I hope this question has not been posted yet, I can’t find the answer at least. I am trying to get familiar with hail by filtering and doing simple stuff I usually do on VCFs with softwares like bcftools.
I am working with Hail version 0.2.57-582b2e31b8bd
I splitted my VCF from multiallelic to biallelic with:
data_tmp_bi = hl.split_multi_hts(data_tmp)
Then I want to update the allele counts the same way as what I saw in your documentation:
data_tmp_bi = data_tmp_bi.annotate_rows(info = hl.struct(AC=data_tmp_bi.info.AC[data_tmp_bi.a_index - 1],**data_tmp_bi.info))
but I get this error:

  File "<ipython-input-29-3595a23add68>", line 1, in <module>
    data_tmp_bi = data_tmp_bi.annotate_rows(info = hl.struct(AC=data_tmp_bi.info.AC[data_tmp_bi.a_index - 1],**data_tmp_bi.info))

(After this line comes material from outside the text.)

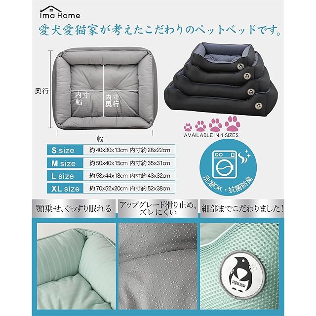 【アップグレード滑り止め&×丸洗いOK】犬 ベッドの底部は従来の粒型滑り止めから、花型の滑り止めにしました。滑り効果が約2倍!フローリングなどの滑りやすい場所に置いても、心配なし。シニアや小型のワンちゃんとネコちゃん、怪我をしてしまった犬猫たちにも安心。「お手入れ簡単」ご家庭の洗濯機で丸洗いできるため、いつでも清潔に使える。清潔・耐久性・最高の寝心地を求める愛犬家にピッタリのペットベッドです。

TypeError: struct() got multiple values for keyword argument 'AC'

The workaround I have been using is then to create a new info field called ‘AC2’, to then drop the ‘AC’ field and then recreate the ‘AC’ field with annotate_rows with to finally drop ‘AC2’. Which is a long workaround:

data_tmp_bi = data_tmp_bi.annotate_rows(info = hl.struct(AC2=data_tmp_bi.info.AC[data_tmp_bi.a_index - 1],**data_tmp_bi.info))
data_tmp_bi = data_tmp_bi.annotate_rows(info=data_tmp_bi.info.drop('AC'))
data_tmp_bi = data_tmp_bi.annotate_rows(info = hl.struct(AC=data_tmp_bi.info.AC2, **data_tmp_bi.info))
data_tmp_bi = data_tmp_bi.annotate_rows(info=data_tmp_bi.info.drop('AC2'))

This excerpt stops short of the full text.